Keep every word of the listing and reproduce it exactly, but set aside any image found there.

[SOURCE MATERIAL]
________________

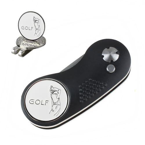 KOFULL Pitch Mark Repair Tool+2 Ball Maker+Clip Golf Pitch Mark Repairer Divot Repair Tool Switchblade Golf Green Repair Fork Portable and Folding Pitch-1 piece Black
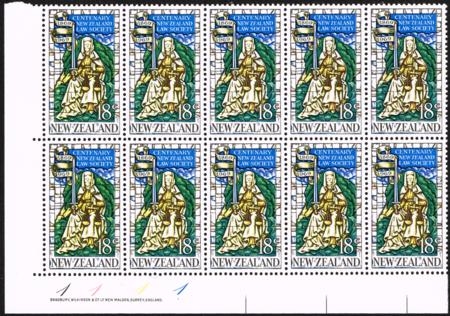 | 1969 18¢ Law Society. UHM plate block (plate 1111) of ten. CP 117, SG 896. |
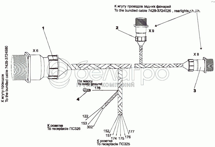 Каталог запасных частей к технике: МЗКТ-7429. Жгут проводов 7429-3724588
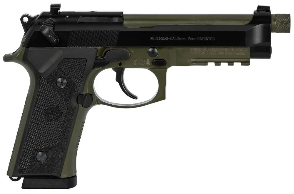 Beretta USA J92M9A3M1 M9A3 Italy Type F 9mm Luger Single/Double 5.20" TB 17+1 Black Polymer Grip Green Steel Frame Black Slide

________________

[TASK RESULT]
 KOFULL Pitch Mark Repair Tool+2 Ball Maker+Clip Golf Pitch Mark Repairer Divot Repair Tool Switchblade Golf Green Repair Fork Portable and Folding Pitch-1 piece Black
 | 1969 18¢ Law Society. UHM plate block (plate 1111) of ten. CP 117, SG 896. |
 Каталог запасных частей к технике: МЗКТ-7429. Жгут проводов 7429-3724588
 Beretta USA J92M9A3M1 M9A3 Italy Type F 9mm Luger Single/Double 5.20" TB 17+1 Black Polymer Grip Green Steel Frame Black Slide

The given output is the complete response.